Task to complete:
Write out again, word for word, the lines below from the line that holds "尚界旗下全新中大型轿车尚界Z" through the line that holds "svoltosi nel 2021", omitting pictures.

Data for this task:
--
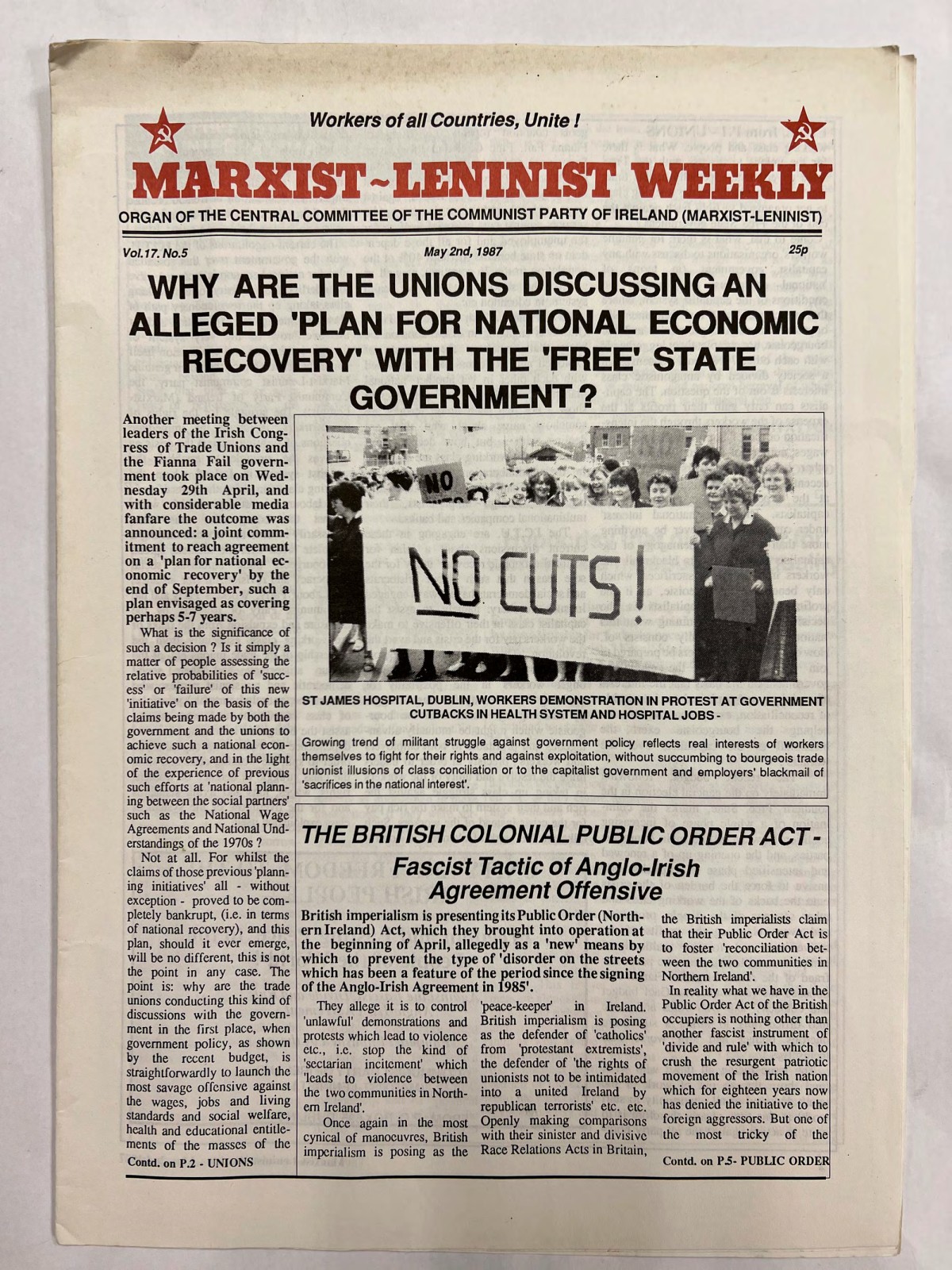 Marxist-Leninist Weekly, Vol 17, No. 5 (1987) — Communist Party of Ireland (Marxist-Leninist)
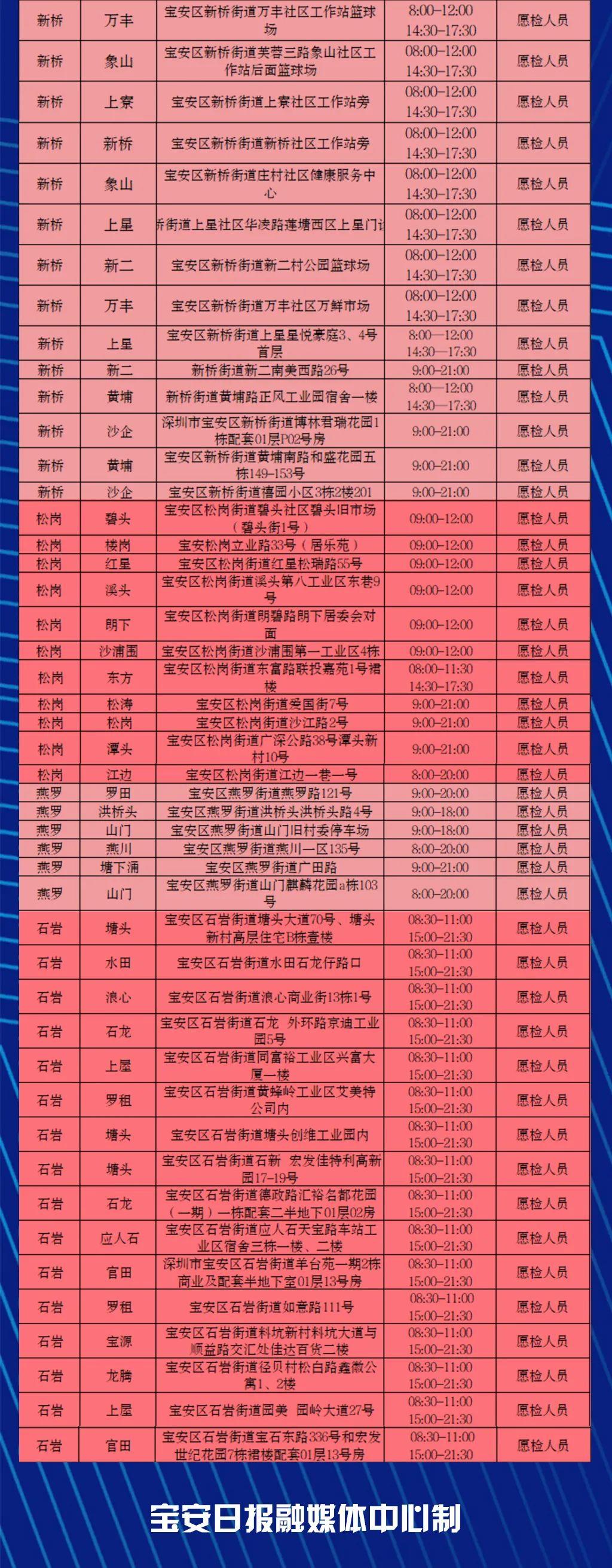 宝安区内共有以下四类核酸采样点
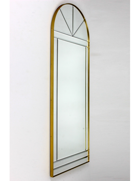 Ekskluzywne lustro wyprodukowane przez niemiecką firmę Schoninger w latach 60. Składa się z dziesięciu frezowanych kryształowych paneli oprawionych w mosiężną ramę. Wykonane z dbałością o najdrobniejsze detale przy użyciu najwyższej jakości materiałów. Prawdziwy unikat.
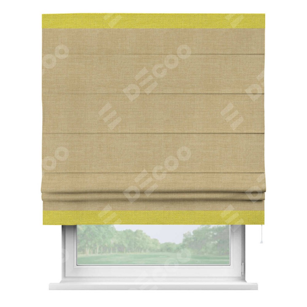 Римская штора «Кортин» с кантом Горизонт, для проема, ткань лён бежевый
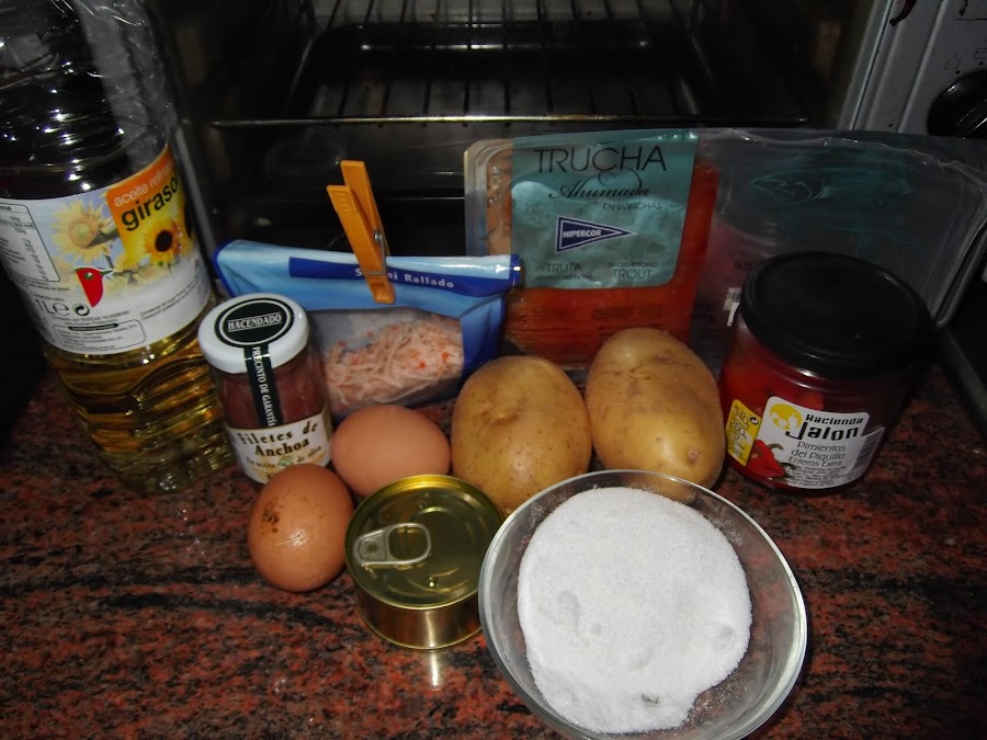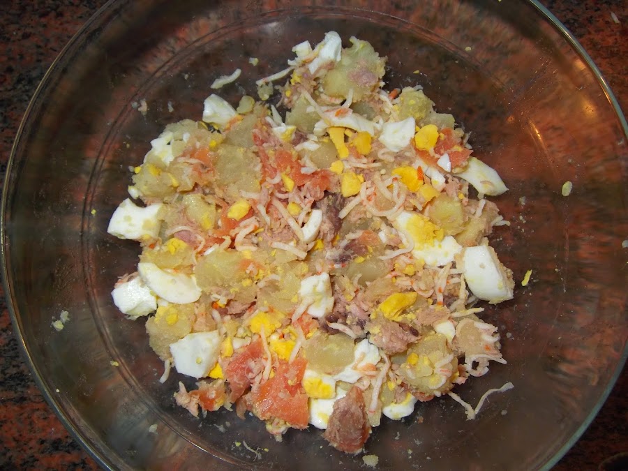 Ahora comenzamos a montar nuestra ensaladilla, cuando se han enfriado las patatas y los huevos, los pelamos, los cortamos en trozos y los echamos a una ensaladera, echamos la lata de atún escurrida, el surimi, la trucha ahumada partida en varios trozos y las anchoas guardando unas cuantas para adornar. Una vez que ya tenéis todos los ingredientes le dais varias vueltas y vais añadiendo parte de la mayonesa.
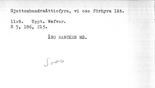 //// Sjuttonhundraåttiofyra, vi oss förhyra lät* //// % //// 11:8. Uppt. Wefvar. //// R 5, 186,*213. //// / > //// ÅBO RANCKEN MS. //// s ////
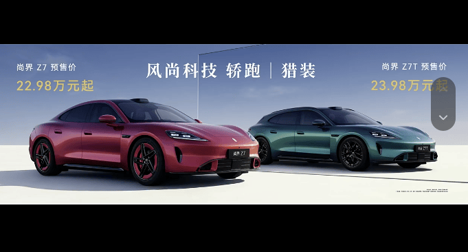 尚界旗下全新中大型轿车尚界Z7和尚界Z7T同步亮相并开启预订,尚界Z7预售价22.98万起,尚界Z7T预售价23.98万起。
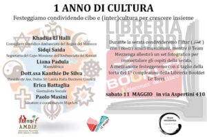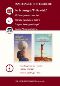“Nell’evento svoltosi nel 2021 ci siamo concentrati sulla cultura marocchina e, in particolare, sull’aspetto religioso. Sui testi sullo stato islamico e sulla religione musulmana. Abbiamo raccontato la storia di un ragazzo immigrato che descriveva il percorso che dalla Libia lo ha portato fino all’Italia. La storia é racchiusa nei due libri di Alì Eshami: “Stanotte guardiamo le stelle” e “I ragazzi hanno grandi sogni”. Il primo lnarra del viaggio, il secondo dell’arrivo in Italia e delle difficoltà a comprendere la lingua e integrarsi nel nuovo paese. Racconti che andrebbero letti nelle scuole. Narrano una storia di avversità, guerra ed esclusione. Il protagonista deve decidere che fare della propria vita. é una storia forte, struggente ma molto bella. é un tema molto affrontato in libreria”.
--
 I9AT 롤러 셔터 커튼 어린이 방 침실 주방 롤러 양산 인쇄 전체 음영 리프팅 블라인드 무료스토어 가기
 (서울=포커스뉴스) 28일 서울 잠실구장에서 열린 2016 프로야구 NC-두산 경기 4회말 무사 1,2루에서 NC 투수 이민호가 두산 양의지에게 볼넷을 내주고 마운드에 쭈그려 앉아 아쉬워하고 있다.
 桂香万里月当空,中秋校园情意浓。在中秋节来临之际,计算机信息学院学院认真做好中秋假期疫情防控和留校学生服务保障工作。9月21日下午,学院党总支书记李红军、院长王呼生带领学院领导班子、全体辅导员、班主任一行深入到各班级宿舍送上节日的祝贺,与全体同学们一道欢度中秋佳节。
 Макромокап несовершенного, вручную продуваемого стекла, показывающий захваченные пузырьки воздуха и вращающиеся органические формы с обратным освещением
--
Task response:
 尚界旗下全新中大型轿车尚界Z7和尚界Z7T同步亮相并开启预订,尚界Z7预售价22.98万起,尚界Z7T预售价23.98万起。
“Nell’evento svoltosi nel 2021 ci siamo concentrati sulla cultura marocchina e, in particolare, sull’aspetto religioso. Sui testi sullo stato islamico e sulla religione musulmana. Abbiamo raccontato la storia di un ragazzo immigrato che descriveva il percorso che dalla Libia lo ha portato fino all’Italia. La storia é racchiusa nei due libri di Alì Eshami: “Stanotte guardiamo le stelle” e “I ragazzi hanno grandi sogni”. Il primo lnarra del viaggio, il secondo dell’arrivo in Italia e delle difficoltà a comprendere la lingua e integrarsi nel nuovo paese. Racconti che andrebbero letti nelle scuole. Narrano una storia di avversità, guerra ed esclusione. Il protagonista deve decidere che fare della propria vita. é una storia forte, struggente ma molto bella. é un tema molto affrontato in libreria”.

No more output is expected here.